The goal of a cheater is to (hold onto all that is good) in their "primary relationship" while addressing their other needs on the side.
Most cheaters don't want to go through a breakup or divorce.
They have no desire to "replace" one relationship with another. Simply put they refuse to buy into the 80/20 rule which states at most anyone you settle down with is only likely to be able to give you 80% of what you desire. (That's if you're lucky.) The cheater insists upon having all 100% of their needs and desires met.
I believe there are 3 basic cheaters
1. The Incessant Cheater
This person bores easily and is always looking for the excitement and thrill that comes with being with someone "new". They love to flirt and tend to be outgoing. Their motto: "Variety is the spice of life". There is nothing you can do to become "new" again.
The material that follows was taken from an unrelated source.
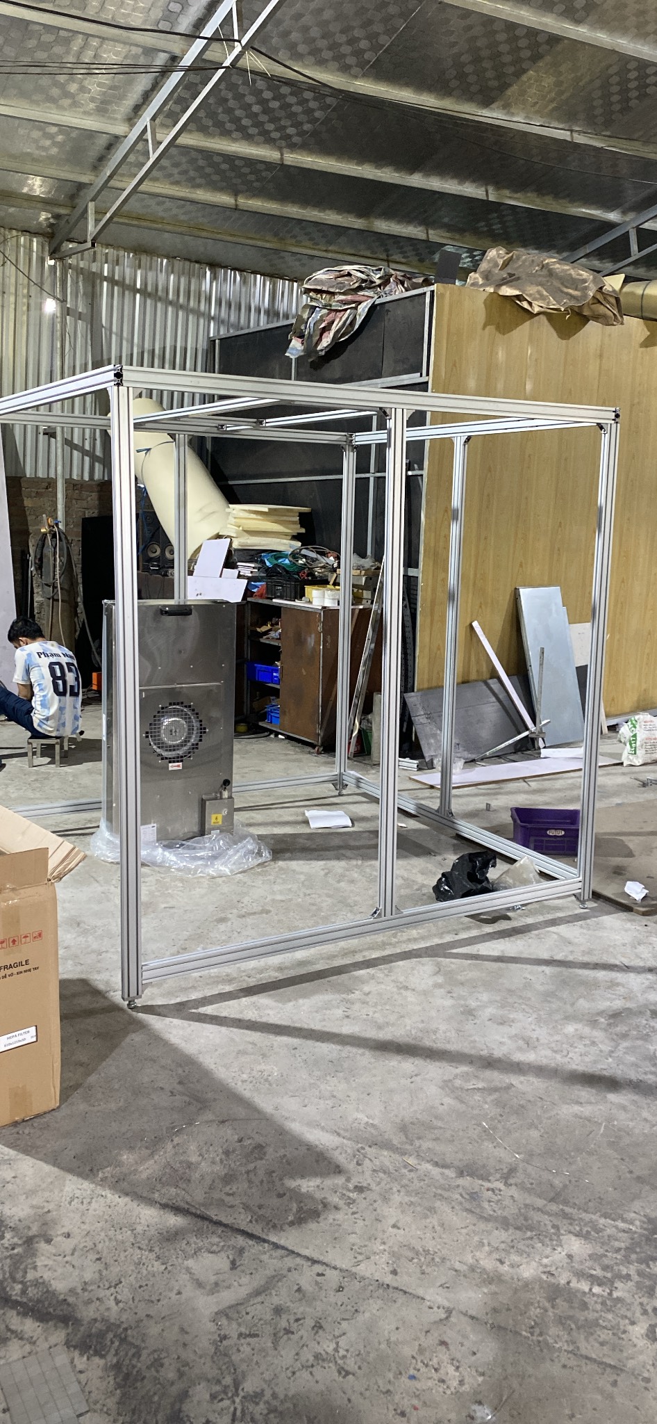Khung làm bằng nhôm định hình, xung quanh là tấm nhựa PVC esd.

2. The Unbelievable Opportunity Cheater
This person unlike the incessant cheater is NOT "proactively" looking to cheat. They may have a secret crush on someone or a person whom they consider to out of their league suddenly comes onto them, a platonic friend initiates affection during a difficult time, or a fantasy could become a reality.
This type of cheater caves in to temptation. It's not unusual for them to confess weeks, months, or years later if the guilt becomes too much for them each time they look into their loving mate's eyes.
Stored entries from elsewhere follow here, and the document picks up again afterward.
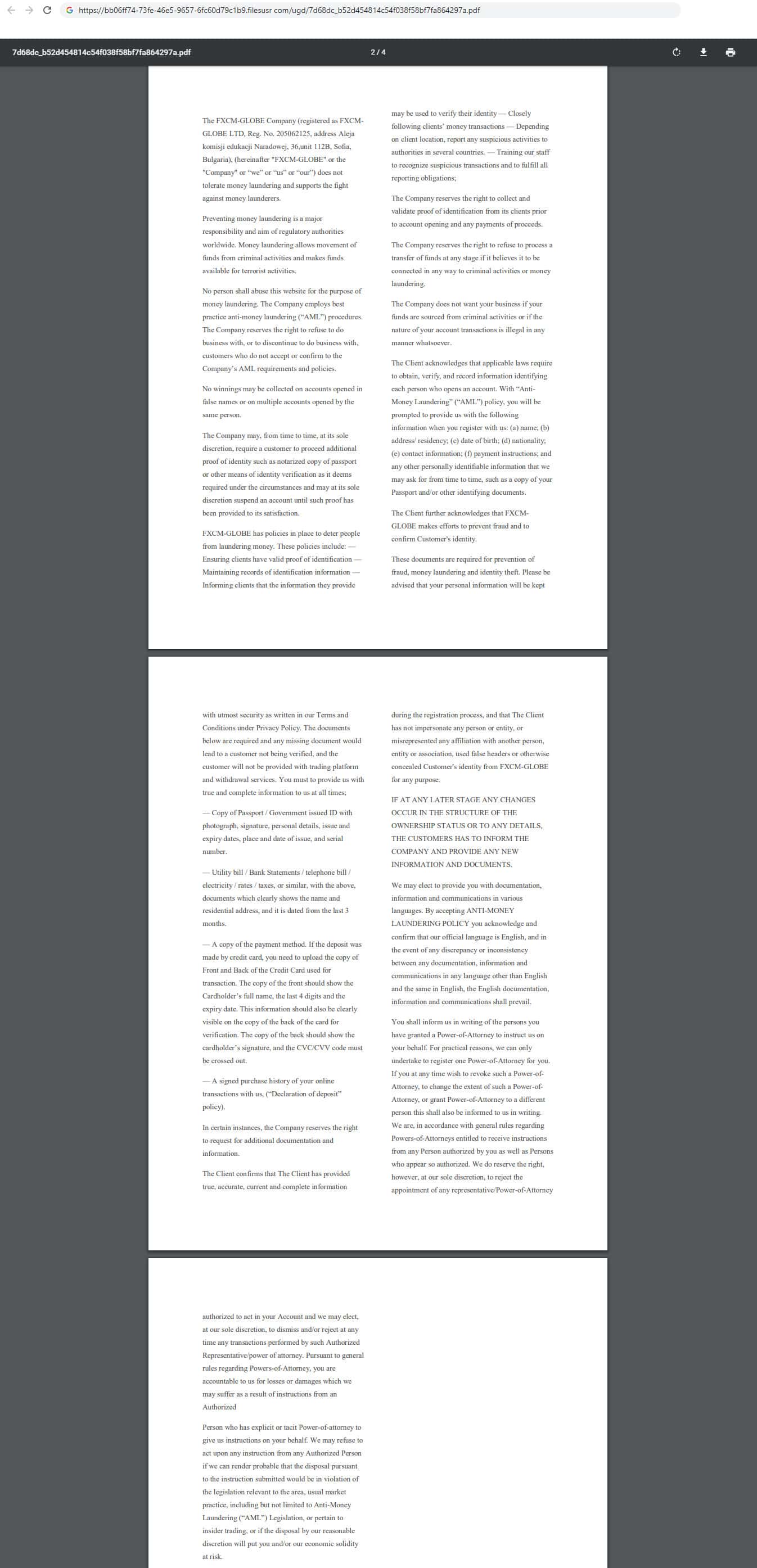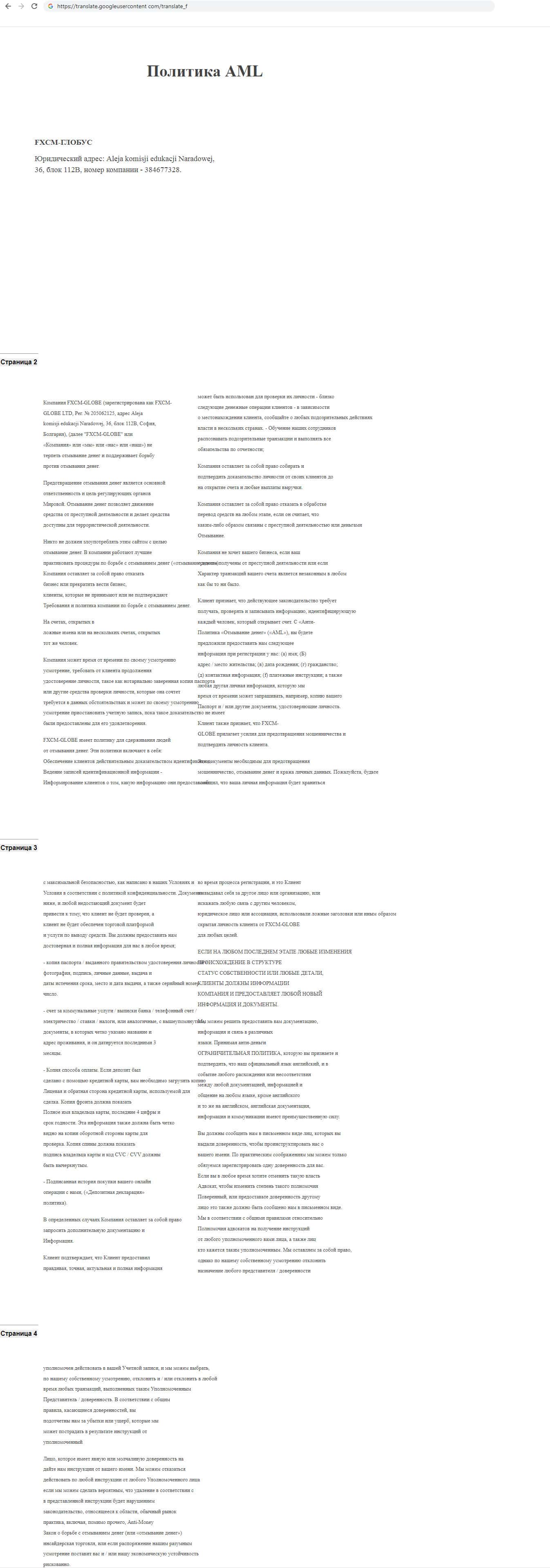 На сайте мошеннической организации ФХСМ Глобе есть документ под названием "Политика AML". В нём контора рассказывает, как борется с отмыванием денег, а так же запрещает это делать. Не понятно для чего этот документ, видимо для того, что бы пользователи глядя на него лишний раз подумали, что организация серьёзная.
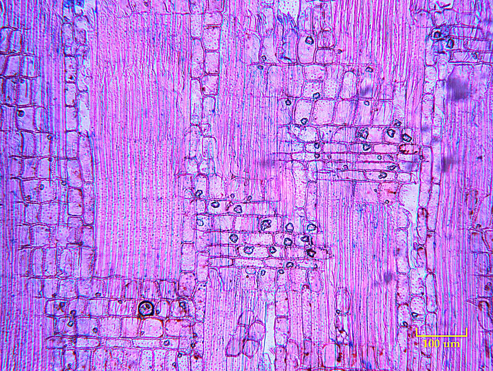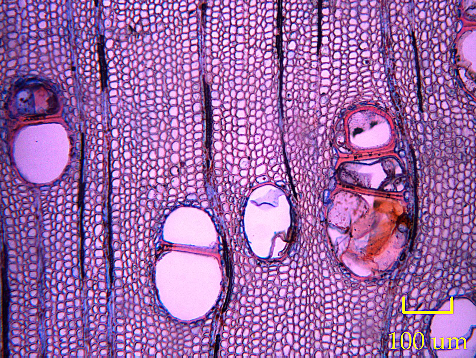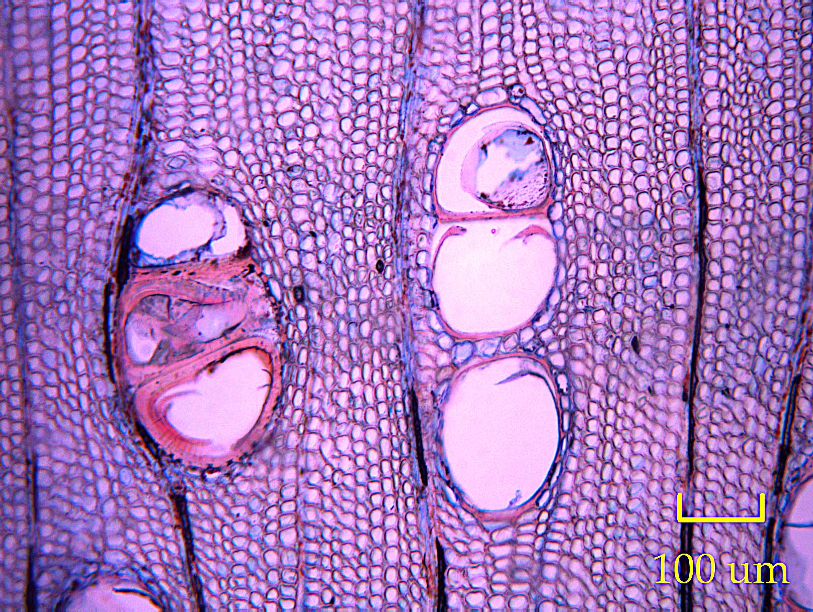 - 7 - Vasos (poros) en patrones radiales o diagonales
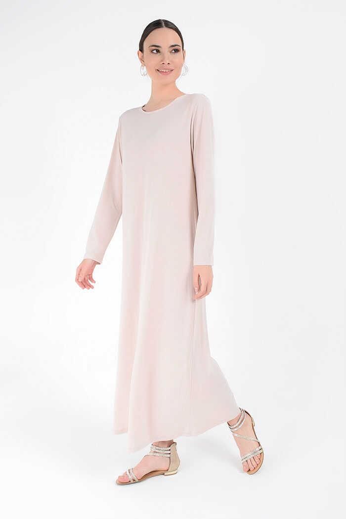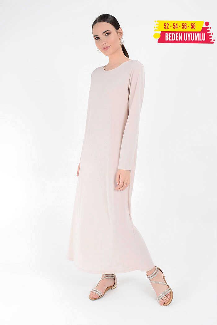 XXL Büyük Beden Düz Bisklet Yaka Uzun Kol İç Sandy Elbise 3202-3 Taş
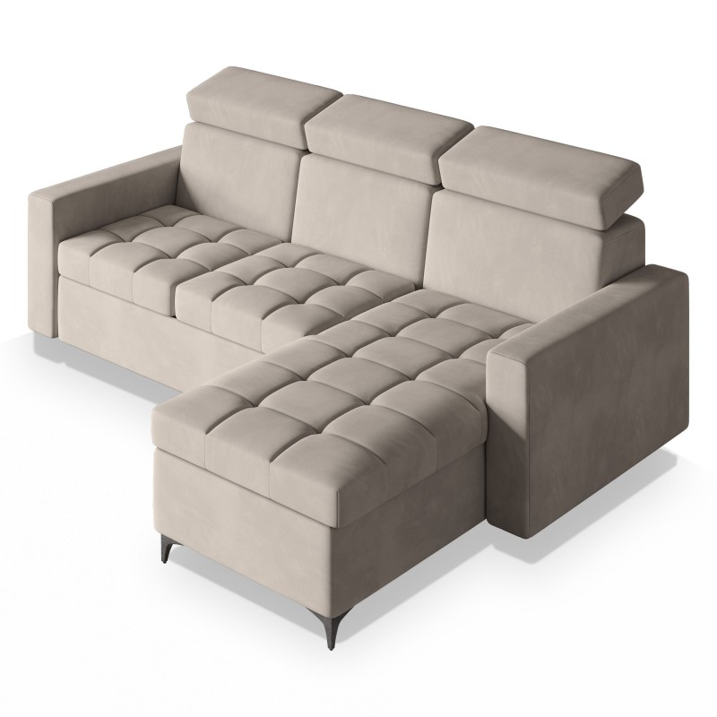 Masseno Narożnik KAME z funkcją spania i pojemnikiem na pościel Narozniki L, Rozkładana sofa - Beżowy, PAROS 02
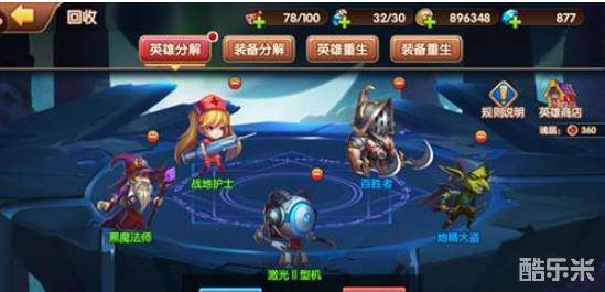 玩家可以把英雄替换下来的低品质装备拿来分解。分解装备可以返还大量威名及100%的养成资源。威名可以在神装商店兑换装备碎片。

3. The Discontented Cheater
This person blames YOU for why they had to step out of the relationship! You stopped being the person who won their heart or you "changed". Maybe there has been more complaints than compliments, less or no sex, neglect, they feel taken for granted. Someone comes along and makes them feel "special" again, flirts with them, or massages their ego. It doesn't take much for stranger to put a smile on the face and in the heart of a unhappy person.
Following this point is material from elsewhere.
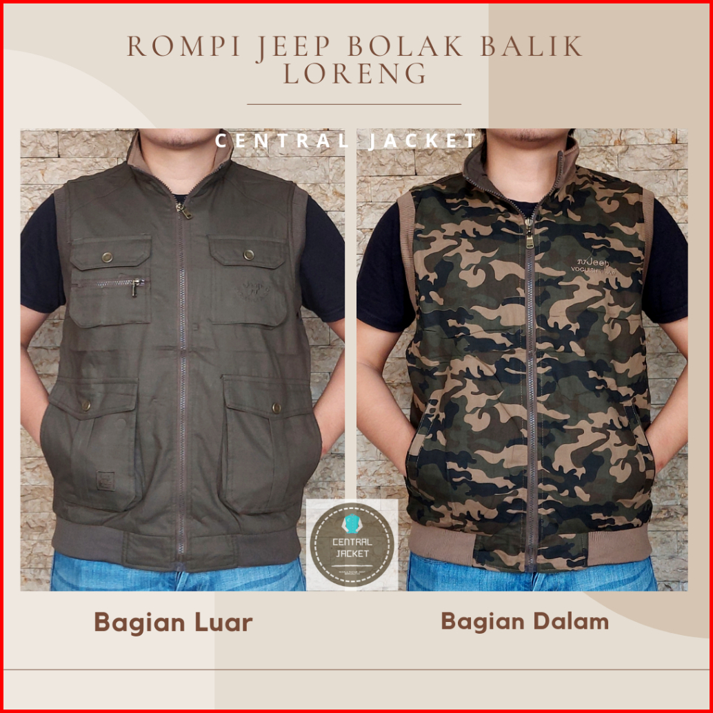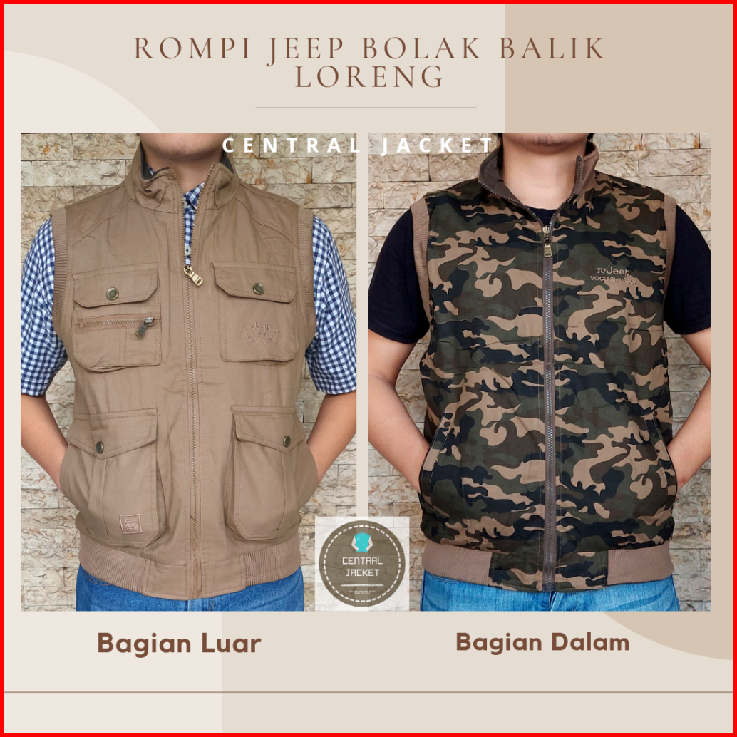 Rompi Jeep Bolak Balik - Rompi Kargo Premium - Rompi Outdoor Tactical - Rompi Motor Anti Angin

Out of the three types of cheaters this is the one where a (betrayed person) may offer forgiveness if they buy into the belief (their) actions led to their mate's poor judgment.
What Keeps Most People From Cheating?
1. Being "in love"
2. Not wanting to risk losing that "special someone".
3. Imagining how hurt (they'd feel) if their mate cheated on them.
Whenever a couple transitions from thinking in terms of "Us & We" to "You & Me" there's a good chance they're likely to make "individual needs" their top priority.